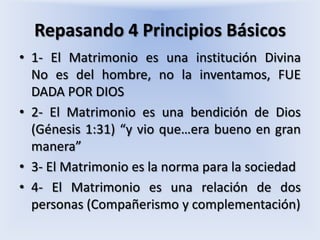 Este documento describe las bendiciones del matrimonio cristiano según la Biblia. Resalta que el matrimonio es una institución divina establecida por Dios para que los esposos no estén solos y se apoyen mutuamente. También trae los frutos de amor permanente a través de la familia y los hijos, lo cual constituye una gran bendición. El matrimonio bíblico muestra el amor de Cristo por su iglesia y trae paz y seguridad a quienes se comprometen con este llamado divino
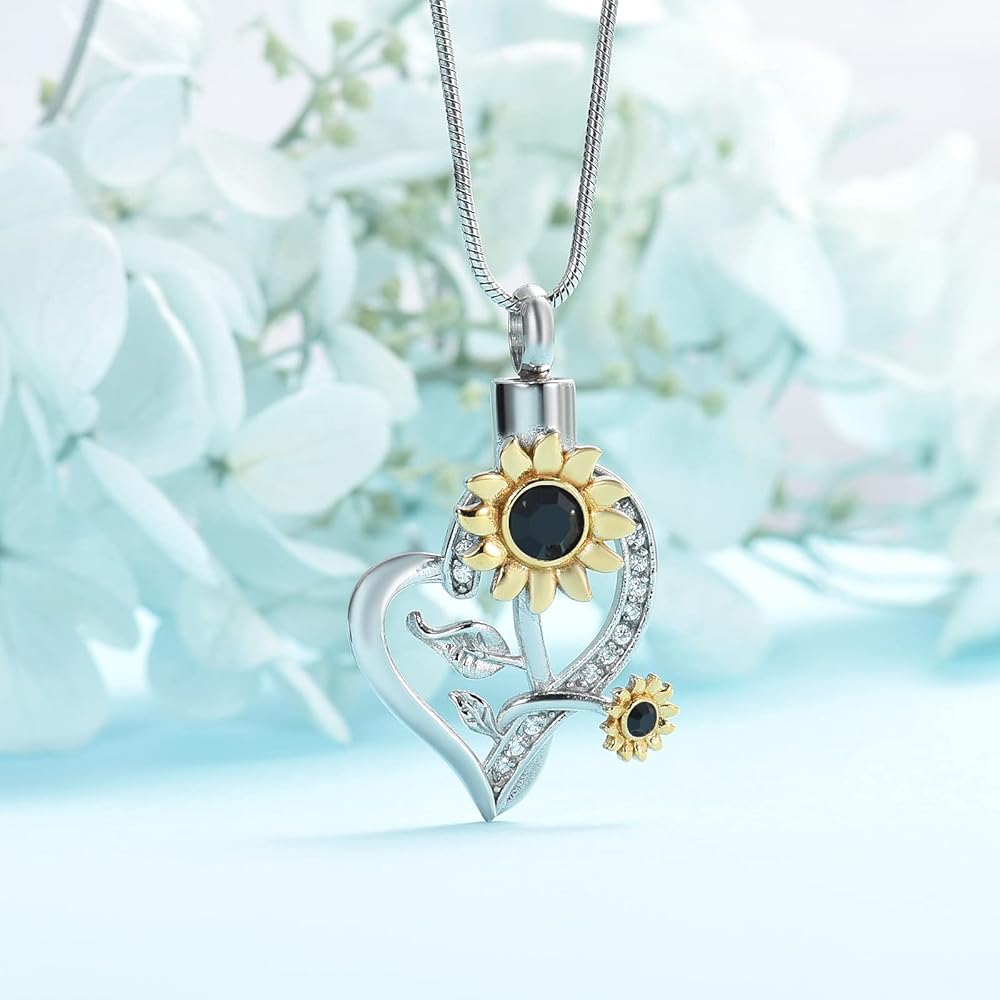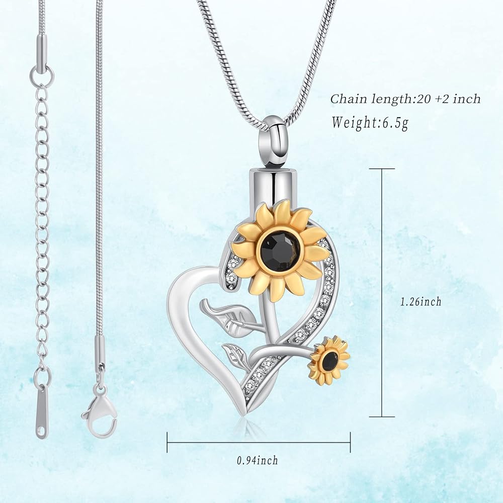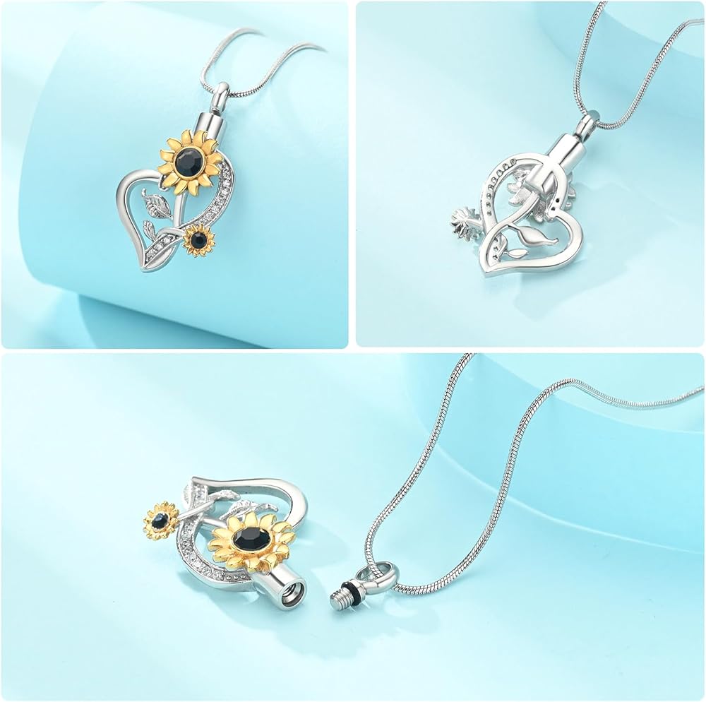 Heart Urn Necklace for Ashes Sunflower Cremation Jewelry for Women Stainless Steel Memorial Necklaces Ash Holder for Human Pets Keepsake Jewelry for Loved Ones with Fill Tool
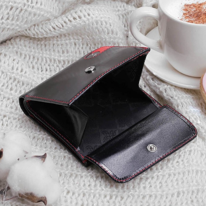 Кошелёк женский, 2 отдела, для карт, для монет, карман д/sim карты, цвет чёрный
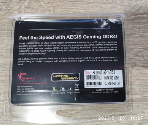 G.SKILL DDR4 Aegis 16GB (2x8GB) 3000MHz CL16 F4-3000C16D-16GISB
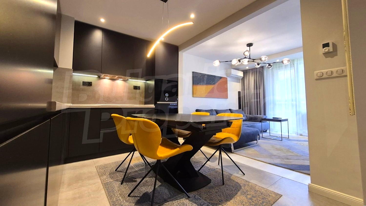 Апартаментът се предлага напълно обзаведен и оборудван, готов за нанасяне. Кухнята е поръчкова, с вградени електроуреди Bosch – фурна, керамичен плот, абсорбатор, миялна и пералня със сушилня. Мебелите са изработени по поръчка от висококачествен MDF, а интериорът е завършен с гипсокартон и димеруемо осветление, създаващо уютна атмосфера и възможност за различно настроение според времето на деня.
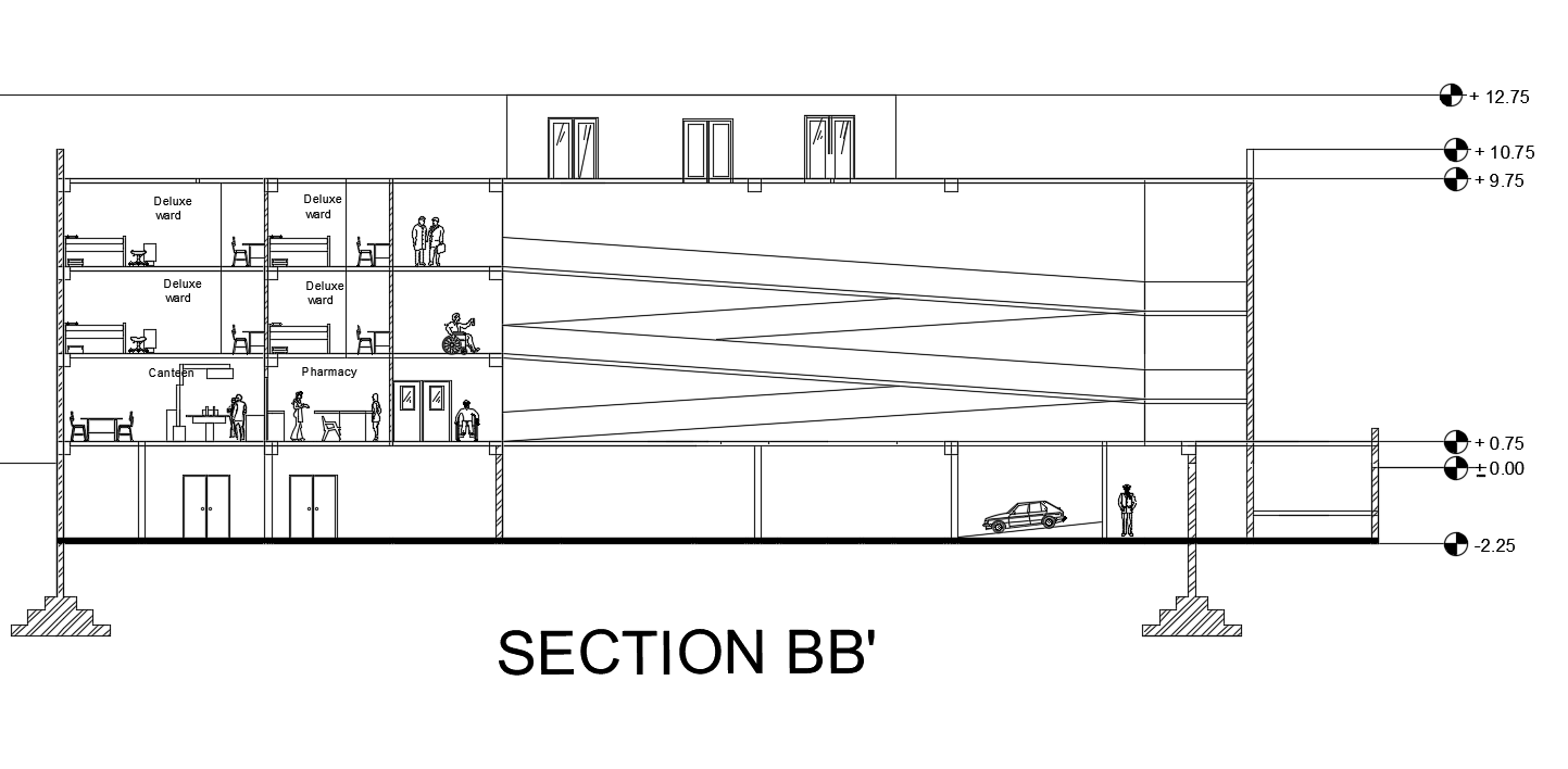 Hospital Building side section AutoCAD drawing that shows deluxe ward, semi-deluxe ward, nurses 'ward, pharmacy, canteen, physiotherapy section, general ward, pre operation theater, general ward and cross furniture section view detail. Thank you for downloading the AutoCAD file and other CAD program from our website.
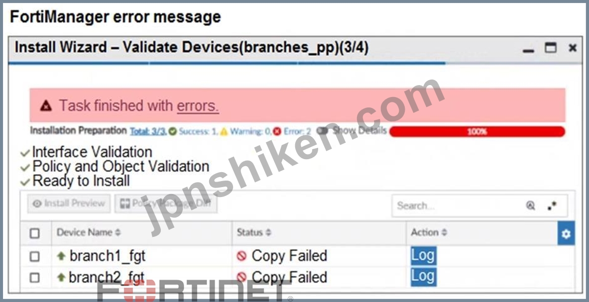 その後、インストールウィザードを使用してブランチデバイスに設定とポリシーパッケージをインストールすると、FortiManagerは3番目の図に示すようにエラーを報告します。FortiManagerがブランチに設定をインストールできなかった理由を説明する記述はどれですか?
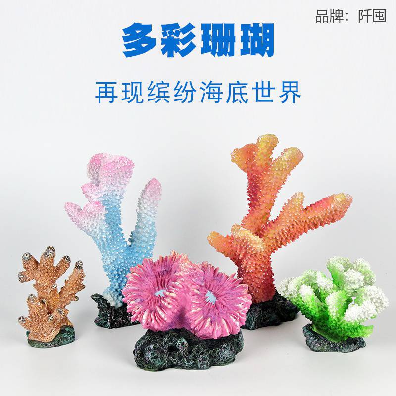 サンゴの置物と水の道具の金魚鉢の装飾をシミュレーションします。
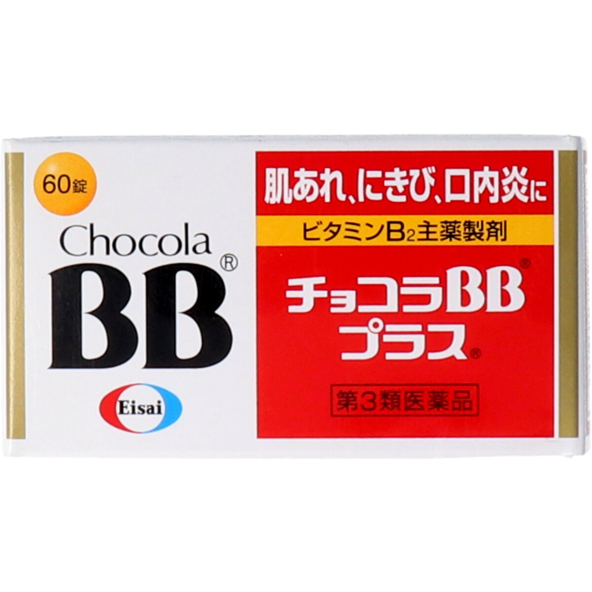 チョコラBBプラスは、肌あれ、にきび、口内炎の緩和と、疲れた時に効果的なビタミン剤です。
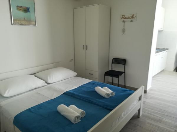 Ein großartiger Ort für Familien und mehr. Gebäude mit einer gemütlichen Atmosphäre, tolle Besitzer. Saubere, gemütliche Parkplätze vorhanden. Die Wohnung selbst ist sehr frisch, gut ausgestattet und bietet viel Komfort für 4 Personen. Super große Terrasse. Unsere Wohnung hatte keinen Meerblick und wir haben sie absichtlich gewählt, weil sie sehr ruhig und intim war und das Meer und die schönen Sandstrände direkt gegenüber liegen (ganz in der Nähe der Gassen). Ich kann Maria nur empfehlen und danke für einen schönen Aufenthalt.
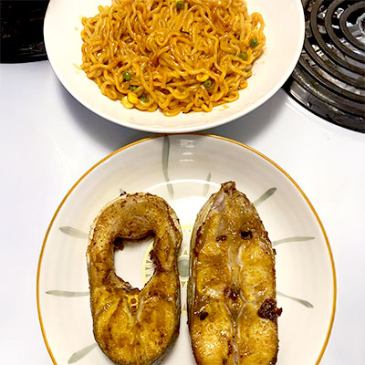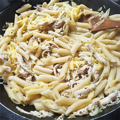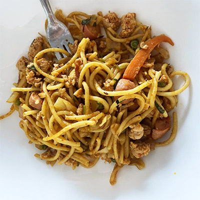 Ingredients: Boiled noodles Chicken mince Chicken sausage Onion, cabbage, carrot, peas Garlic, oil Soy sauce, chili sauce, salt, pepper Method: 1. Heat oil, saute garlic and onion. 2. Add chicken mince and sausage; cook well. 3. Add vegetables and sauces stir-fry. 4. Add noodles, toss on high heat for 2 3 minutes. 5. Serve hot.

++++

Here the job is to copy the stretch of records from the line containing "Кошелёк женский, 2" through the line containing "Апартаментът се предлага", word for word. Leave every picture out.

 Кошелёк женский, 2 отдела, для карт, для монет, карман д/sim карты, цвет чёрный
 G.SKILL DDR4 Aegis 16GB (2x8GB) 3000MHz CL16 F4-3000C16D-16GISB
 Апартаментът се предлага напълно обзаведен и оборудван, готов за нанасяне. Кухнята е поръчкова, с вградени електроуреди Bosch – фурна, керамичен плот, абсорбатор, миялна и пералня със сушилня. Мебелите са изработени по поръчка от висококачествен MDF, а интериорът е завършен с гипсокартон и димеруемо осветление, създаващо уютна атмосфера и възможност за различно настроение според времето на деня.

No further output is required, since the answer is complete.